Half a double feature

I love double features. Two movies back-to-back on the big screen for which you pay one ticket price. Man. That's a great idea. I particularly like double features at the Castro Theatre because they have all the excellent qualities of double features everywhere [see above] and they are also at the Castro Theatre, my favorite place in San Francisco. However, things seem to have gone awry over there this month because one element of double features is that they ought to have some thematic link. Or actor link. Or director link. Or some damn link other than "they are both about couples." This week, Funny Face is playing (yay!) in a double bill with Love Streams (boo!). I was not previously familiar with Love Streams, but I watched the trailer and wanted to kill myself after about 70 seconds.

Here are some questions for you, Love Streams:
1. Do you have Audrey Hepburn? (no)
2. Do you make me wish to be kissed in a charming bookstore? (no) [To be fair I pretty much always want to be kissed in a charming bookstore, regardless of the movie I'm watching, so maybe I'll give you a pass on that one. Maybe.]
3. Do you make me want to glide down a marble staircase in Paris holding a chiffon scarf over my head and saying, "I don't want to stop. Take the picture!"? (no)
4. Does Fred Astaire ask for forgiveness by way of a dance in a Parisian courtyard? (no)
5. Do you make me wish to own at least 80% of the clothes worn by female characters? (Don't be ridiculous. You were made in 1984)
6. Just to be sure...no Audrey Hepburn? (still no)
7. Are you depressing beyond imagining? (apparently)

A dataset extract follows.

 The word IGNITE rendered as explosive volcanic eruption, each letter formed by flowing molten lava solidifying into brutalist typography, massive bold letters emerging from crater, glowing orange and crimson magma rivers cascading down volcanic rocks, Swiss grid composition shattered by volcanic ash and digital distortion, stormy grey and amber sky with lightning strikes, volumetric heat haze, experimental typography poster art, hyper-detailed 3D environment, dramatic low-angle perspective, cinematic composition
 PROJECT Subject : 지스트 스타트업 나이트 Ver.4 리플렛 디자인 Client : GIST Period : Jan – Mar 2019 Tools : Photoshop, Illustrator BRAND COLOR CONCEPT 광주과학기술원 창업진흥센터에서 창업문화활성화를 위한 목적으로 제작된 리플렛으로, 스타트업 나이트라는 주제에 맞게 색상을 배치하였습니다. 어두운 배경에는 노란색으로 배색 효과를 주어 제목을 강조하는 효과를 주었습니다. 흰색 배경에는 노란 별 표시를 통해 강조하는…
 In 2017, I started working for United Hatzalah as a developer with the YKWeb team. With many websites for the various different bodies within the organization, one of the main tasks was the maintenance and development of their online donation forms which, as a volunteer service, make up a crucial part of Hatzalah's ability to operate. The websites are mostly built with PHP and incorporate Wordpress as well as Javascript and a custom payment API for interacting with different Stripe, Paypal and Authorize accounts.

Right. So who the hell programmed you with Funny Face and ruined my Thursday evening?

Now, in the spirit of things that have nothing to do with other things: an anecdote.

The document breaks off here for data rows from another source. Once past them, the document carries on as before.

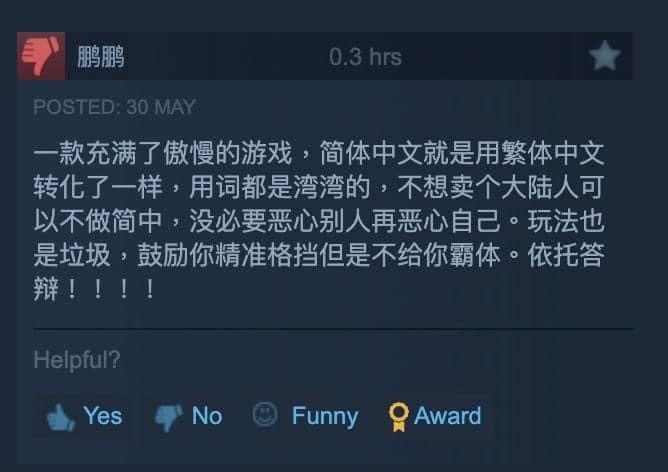 sk131: 這批評我倒覺得合理,當我看到繁中是簡中直翻一堆支語我也 05/31 05:23
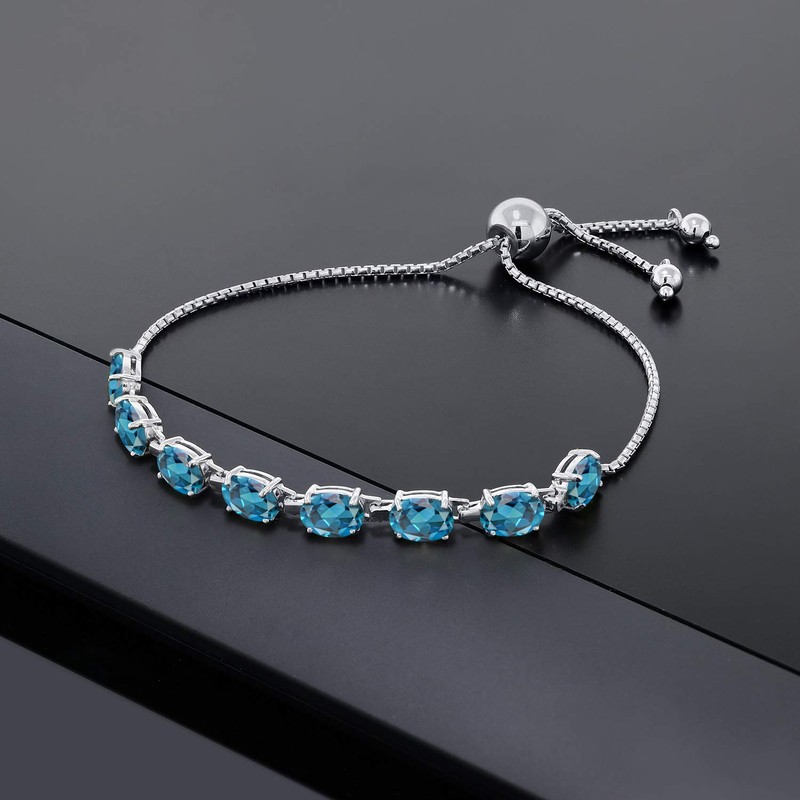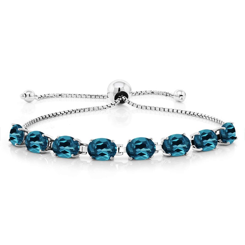 Gem Stone King - Pulsera de tenis de 8 piedras de nacimiento ovaladas de 7 x 5 mm para mujer, plata de ley 925, pulsera de bollo, totalmente ajustable hasta 9 pulgadas, fácil de poner y quitar, Una
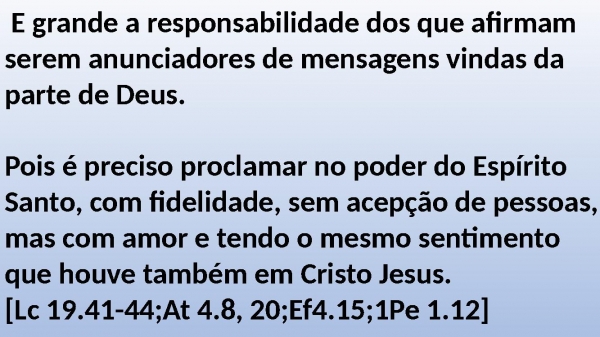 - E grande a responsabilidade dos que afirmam serem anunciadores de mensagens vindas da parte de Deus.Pois é preciso proclamar no poder do Espírito Santo, com fidelidade, sem acepção de pessoas, mas com amor e tendo o mesmo sentimento que houve também em Cristo Jesus.[Lc 19.41-44;At 4.8, 20;Ef4.15;1Pe 1.12]
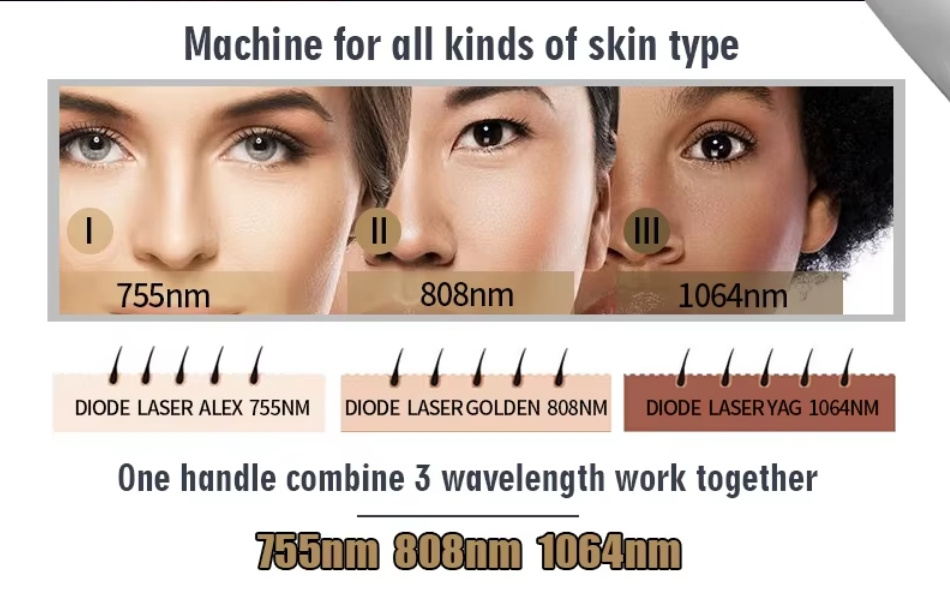 1. 755 808 1064nm diodelaser ontharingssysteemmaakt gebruik van de meest geavanceerde technologie die doordringt, meer verzekerd van de prestaties van het mechanisme, klinische resultaten en veiligheid.
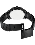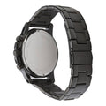 Black-plated stainless steel case and bracelet. Fixed black-plated bezel. Black dial with luminous hands and Roman numeral hour markers. Minute markers around the outer rim. Luminescent hands and markers. Chronograph - three sub-dials displaying: 60 second, 30 minute and 24 hour.
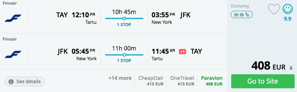 Finnair pakub hetkel soodsaid lennupileteid Tallinnast Tartust New Yorki, Miamisse, Los Angelesse. Edasi- tagasi lennupiletite hinnad al 395€. Saadavus varieerub sõltuvalt sihkohast, kuid tasub otsida septembrist juunini. Soodsad lennupiletid leiad läbi momondo või kasuta otselinke allpool. Ümberistumiste kestvus erinevate lennukuupäevade puhul varieerub, leidub ohtralt mugavaid variante nii Tallinnast, kui ka Tartust.
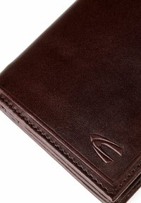 Cartera bifold de cuero marrón oscuro con costuras visibles y un pequeño logotipo en relieve en la esquina inferior derecha.
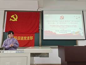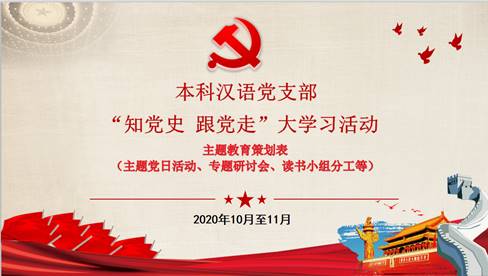 本科汉语党支部根据学校与学院党委的部署要求,自10月中旬起开展了以党史、新中国史、改革开放史、社会主义发展史为主要研习内容(以下简称“四史”),以理论联系实际为形式的“知党史、跟党走”主题教育活动。支部成员通过读党史、学党史、知党史,在中共百年奋斗的光辉历程中领悟共产党人的初心和使命,切实增强“四个意识”、坚定“四个自信”、做到“两个维护”的思想自觉、政治自觉、行动自觉。

This weekend I organized a meeting of some students at a student's house. The student's dog, Cinnamon, was terribly excited to have eight people in her living room, dropping snacks. She became a bit too, um, present for me at one point and I asked the student if he could rein her in. "Cinnamon!" he said, loudly and sharply. Then he looked at me and said, "Um, she's not actually trained." I laughed for about ten minutes.

Are you a dog owner who likes to entertain? Is your dog sticking her nose in your guests' laps with too much gusto? Feel free to say your dog's name with a great deal of authority. You never know, maybe something useful will happen. Perhaps she's trained herself while you were at work one day. Always worth a try.